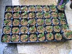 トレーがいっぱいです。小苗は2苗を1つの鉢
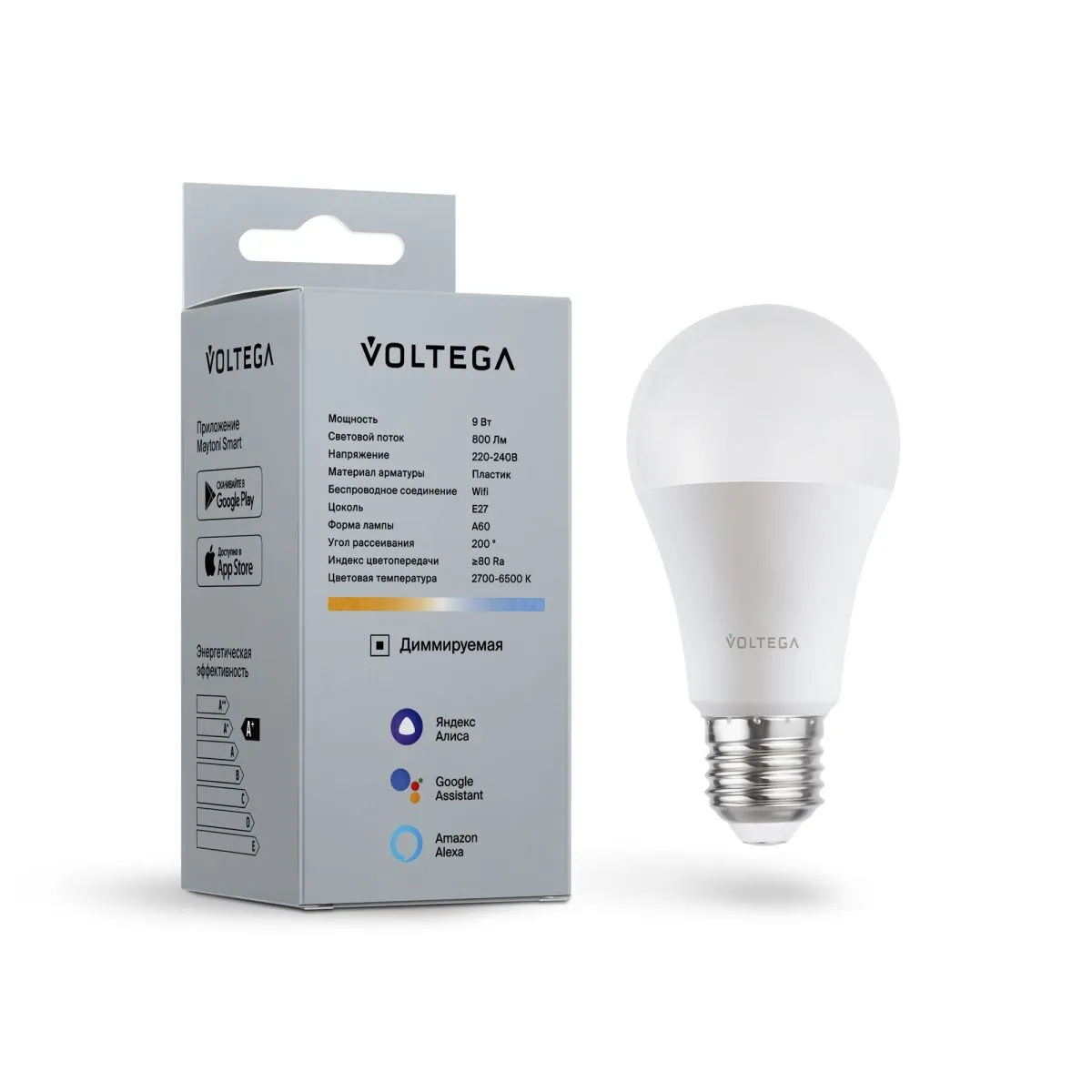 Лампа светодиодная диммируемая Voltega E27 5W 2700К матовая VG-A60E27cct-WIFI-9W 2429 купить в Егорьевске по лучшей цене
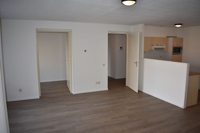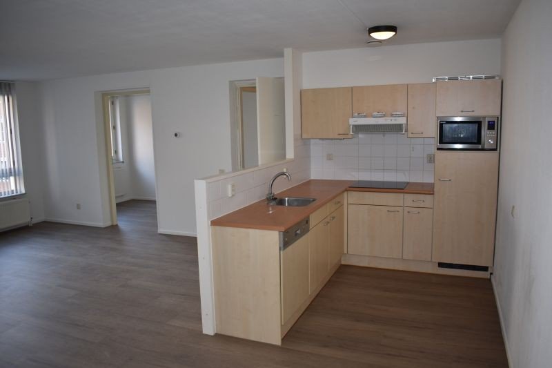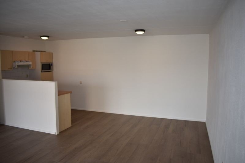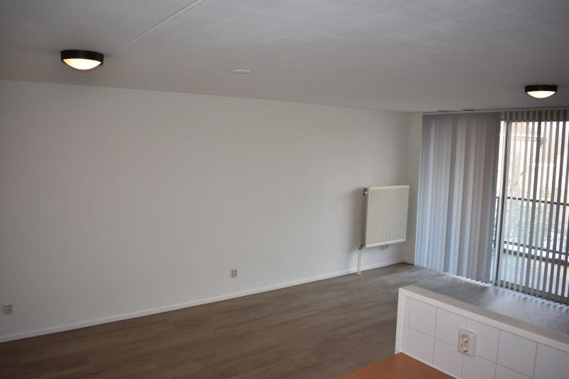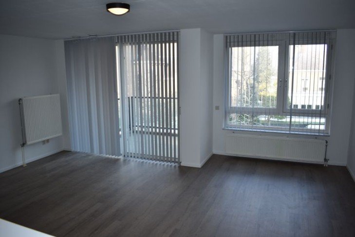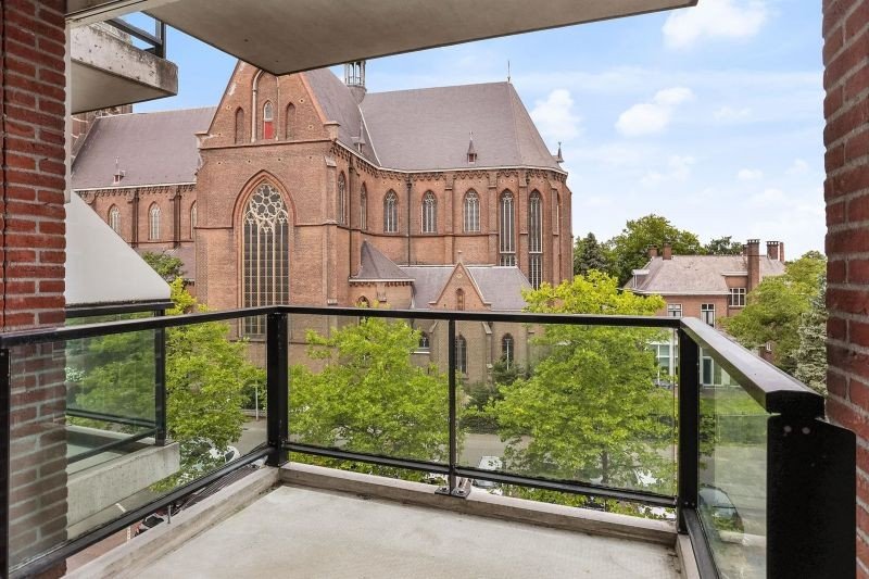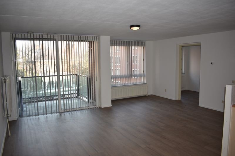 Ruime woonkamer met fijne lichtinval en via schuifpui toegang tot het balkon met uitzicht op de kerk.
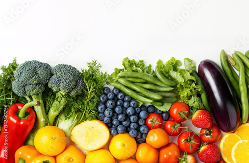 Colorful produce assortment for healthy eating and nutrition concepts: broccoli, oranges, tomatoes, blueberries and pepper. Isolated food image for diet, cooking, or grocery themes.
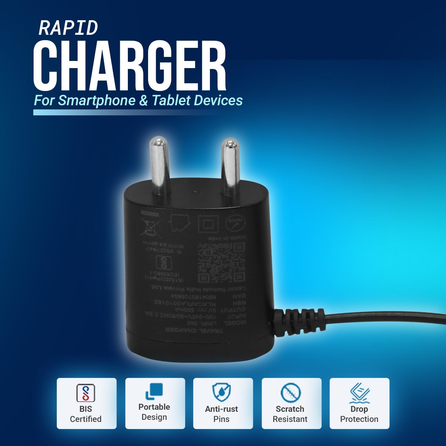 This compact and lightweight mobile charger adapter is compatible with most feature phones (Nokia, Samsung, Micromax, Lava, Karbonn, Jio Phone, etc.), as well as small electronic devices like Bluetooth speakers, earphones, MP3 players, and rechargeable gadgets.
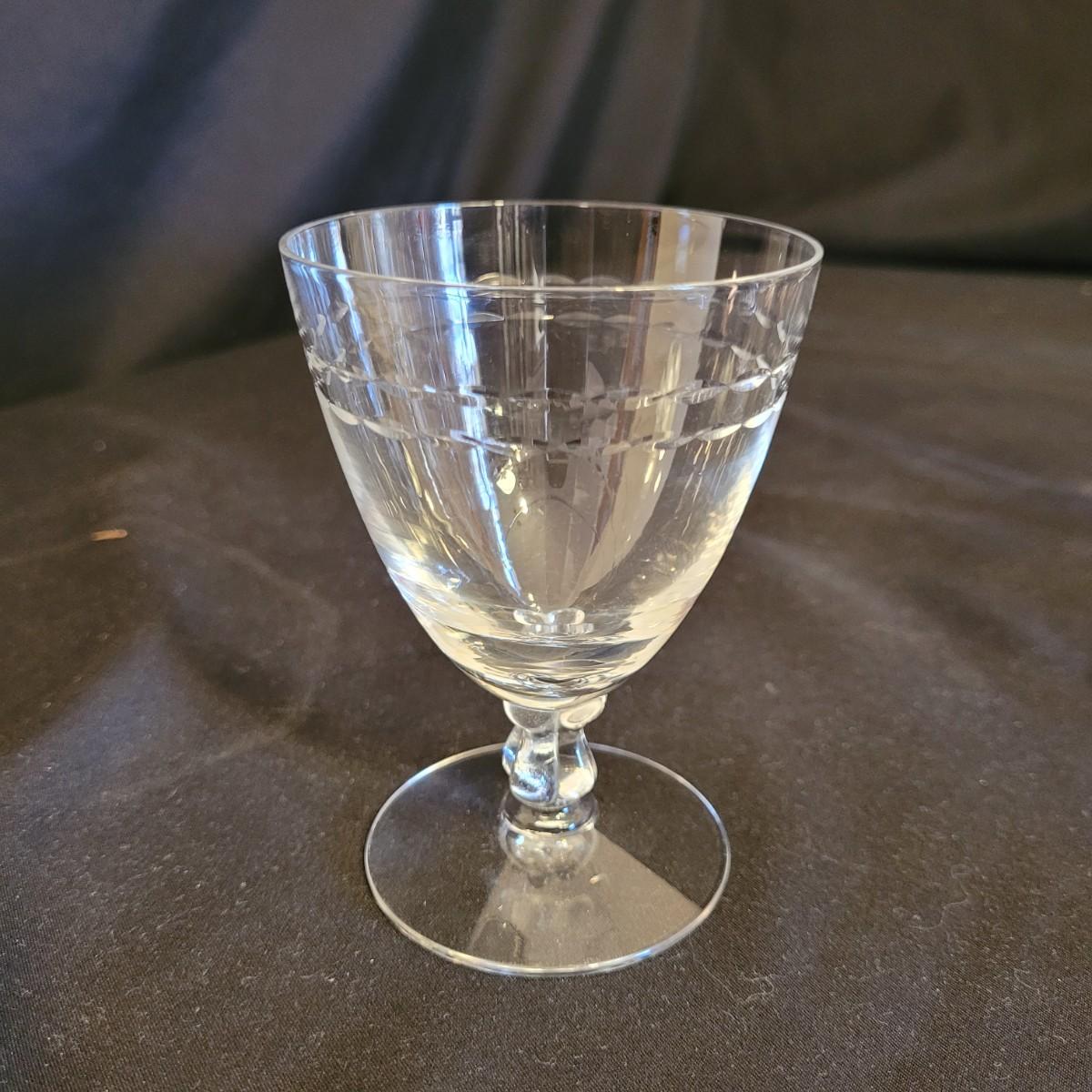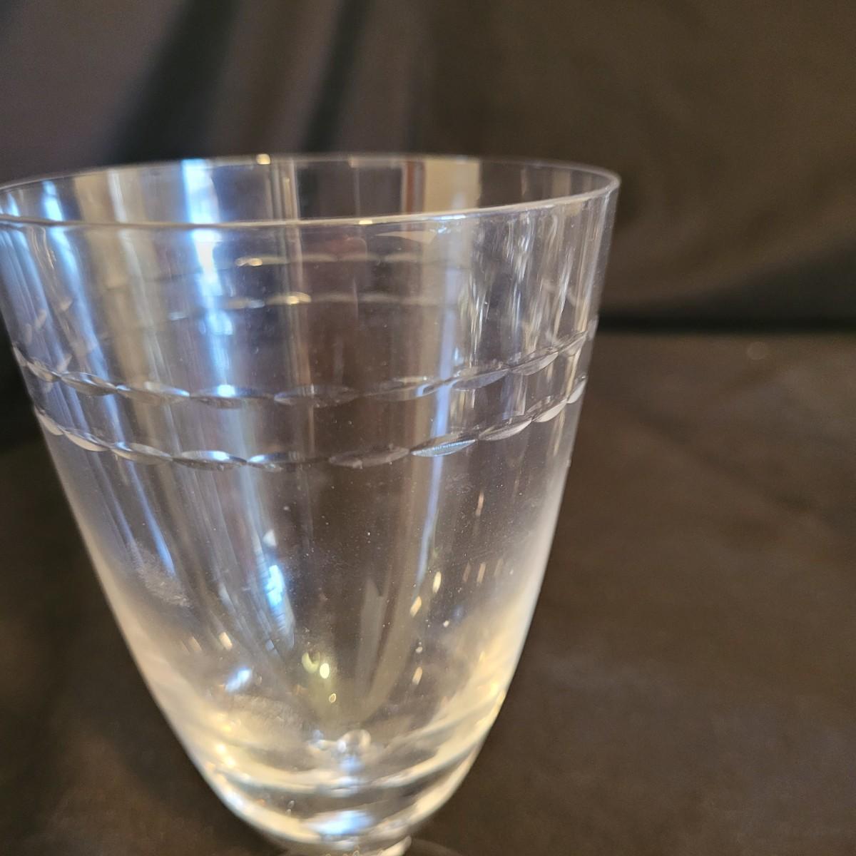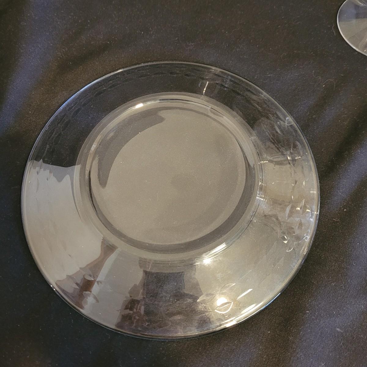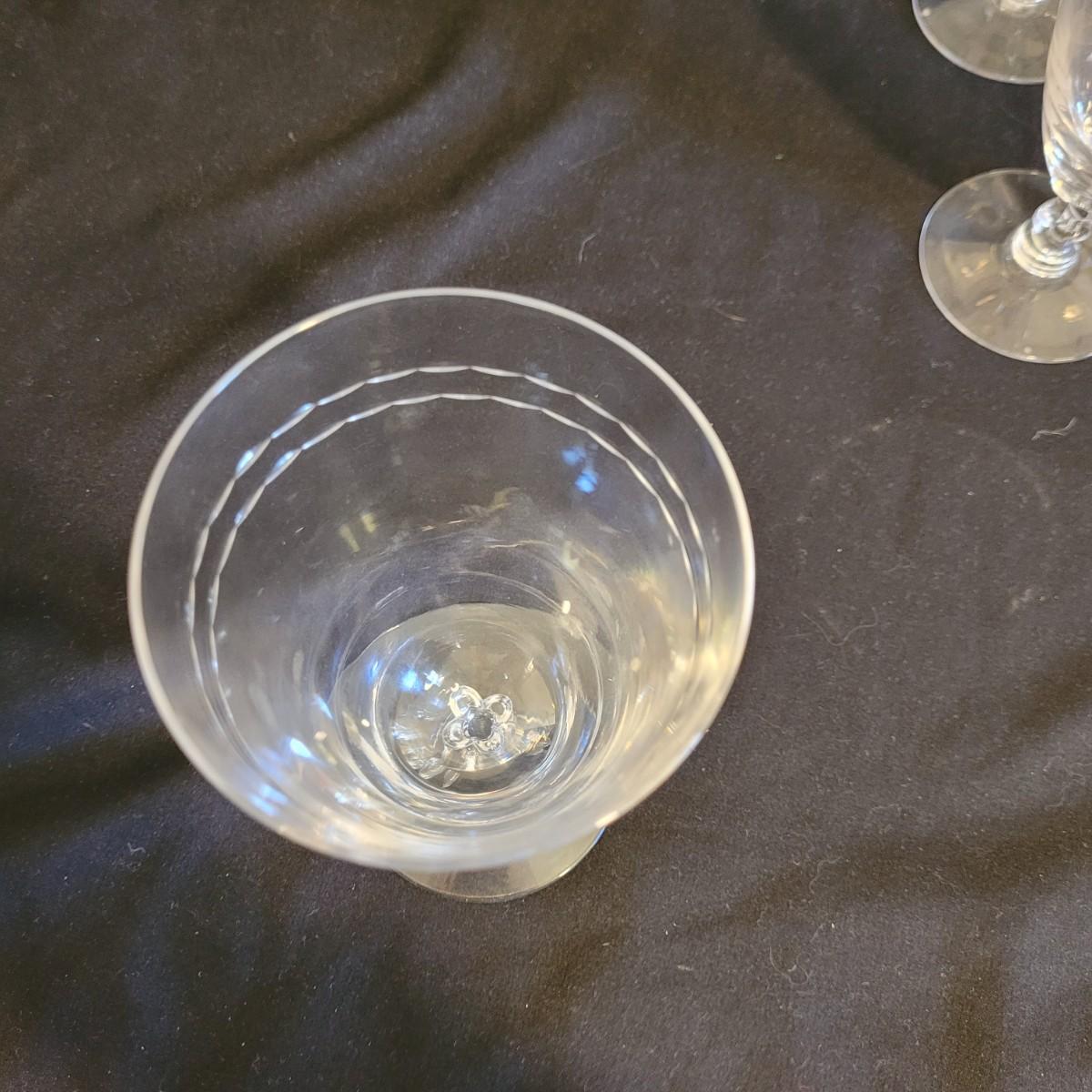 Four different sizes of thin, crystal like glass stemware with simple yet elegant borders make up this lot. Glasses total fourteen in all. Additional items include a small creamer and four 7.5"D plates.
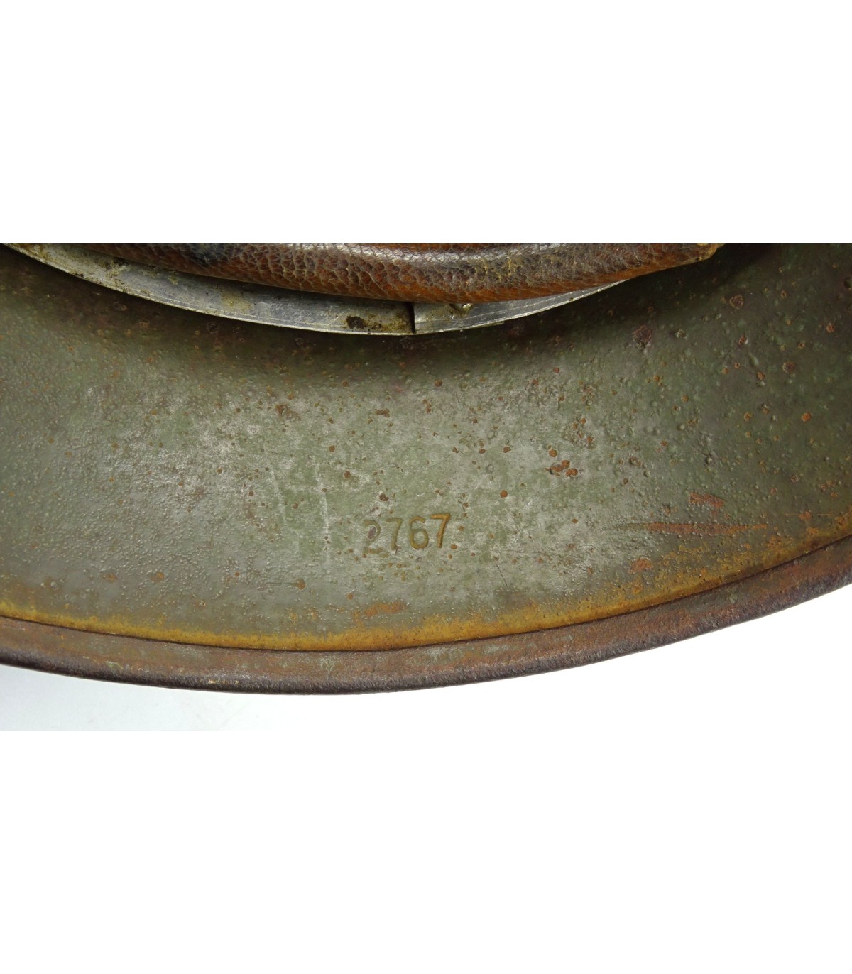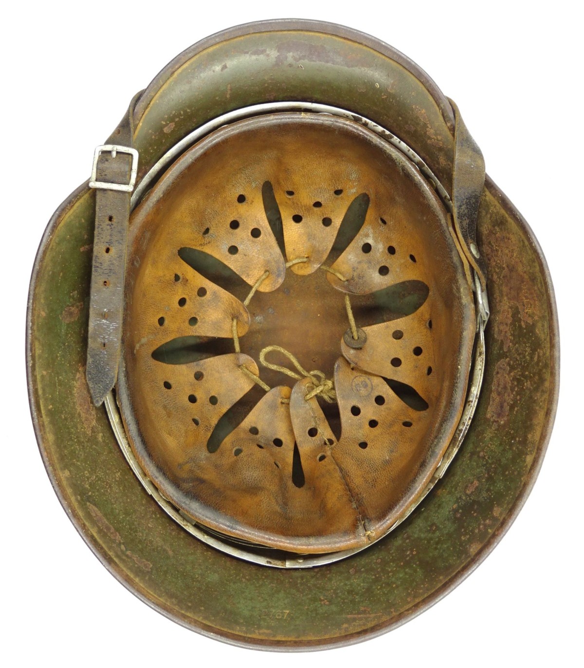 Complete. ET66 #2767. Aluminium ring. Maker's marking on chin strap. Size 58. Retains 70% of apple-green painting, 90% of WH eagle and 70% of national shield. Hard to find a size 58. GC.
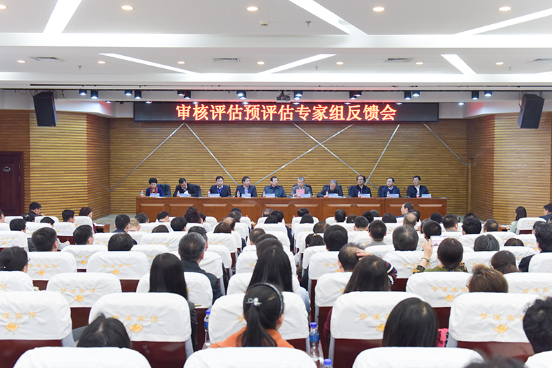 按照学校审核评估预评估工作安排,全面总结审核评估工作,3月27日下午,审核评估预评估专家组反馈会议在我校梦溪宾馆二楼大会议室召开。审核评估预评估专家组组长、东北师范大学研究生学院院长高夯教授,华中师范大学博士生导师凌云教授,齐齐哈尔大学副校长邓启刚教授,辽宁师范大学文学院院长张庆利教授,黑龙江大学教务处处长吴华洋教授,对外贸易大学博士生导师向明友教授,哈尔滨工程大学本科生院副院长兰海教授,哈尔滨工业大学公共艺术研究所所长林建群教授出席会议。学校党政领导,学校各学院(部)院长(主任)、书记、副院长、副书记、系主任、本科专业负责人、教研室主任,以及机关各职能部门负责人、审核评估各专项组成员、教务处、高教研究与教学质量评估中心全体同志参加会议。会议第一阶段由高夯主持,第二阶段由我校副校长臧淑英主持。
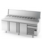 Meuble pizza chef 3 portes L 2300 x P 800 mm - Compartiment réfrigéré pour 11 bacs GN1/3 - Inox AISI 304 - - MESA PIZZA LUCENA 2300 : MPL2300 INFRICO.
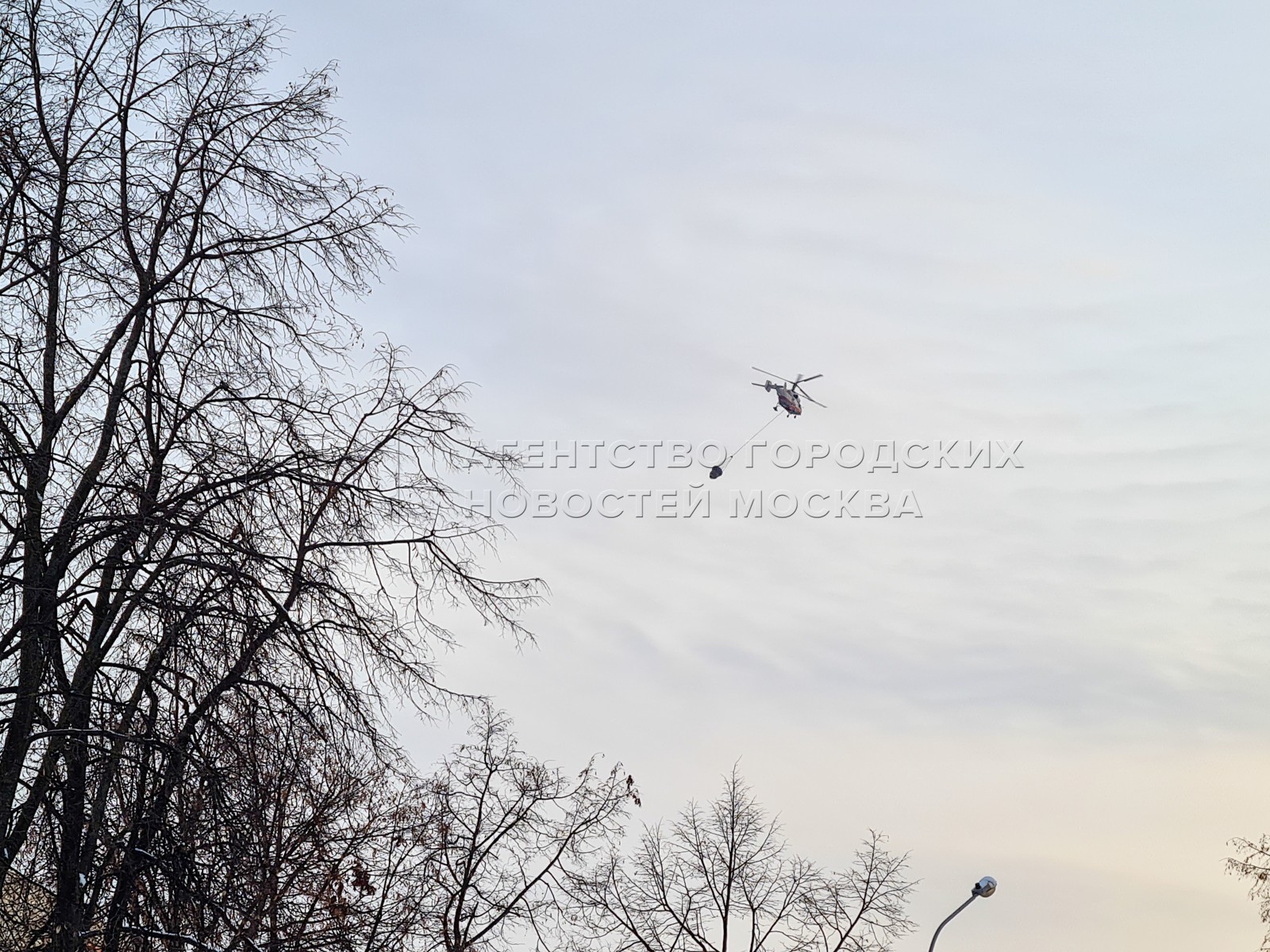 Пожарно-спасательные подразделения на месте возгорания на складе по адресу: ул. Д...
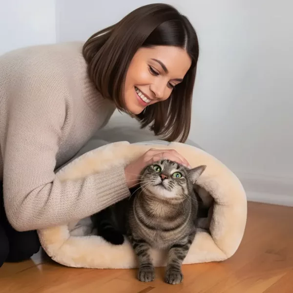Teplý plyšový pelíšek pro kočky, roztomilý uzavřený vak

....

> _Work instruction_
Give again the stretch of lines above from the one with "按照学校审核评估预评估工作安" through the one with "Meuble pizza chef", both ends kept, and copy no pictures.

> _Task solution_
 按照学校审核评估预评估工作安排,全面总结审核评估工作,3月27日下午,审核评估预评估专家组反馈会议在我校梦溪宾馆二楼大会议室召开。审核评估预评估专家组组长、东北师范大学研究生学院院长高夯教授,华中师范大学博士生导师凌云教授,齐齐哈尔大学副校长邓启刚教授,辽宁师范大学文学院院长张庆利教授,黑龙江大学教务处处长吴华洋教授,对外贸易大学博士生导师向明友教授,哈尔滨工程大学本科生院副院长兰海教授,哈尔滨工业大学公共艺术研究所所长林建群教授出席会议。学校党政领导,学校各学院(部)院长(主任)、书记、副院长、副书记、系主任、本科专业负责人、教研室主任,以及机关各职能部门负责人、审核评估各专项组成员、教务处、高教研究与教学质量评估中心全体同志参加会议。会议第一阶段由高夯主持,第二阶段由我校副校长臧淑英主持。
 Meuble pizza chef 3 portes L 2300 x P 800 mm - Compartiment réfrigéré pour 11 bacs GN1/3 - Inox AISI 304 - - MESA PIZZA LUCENA 2300 : MPL2300 INFRICO.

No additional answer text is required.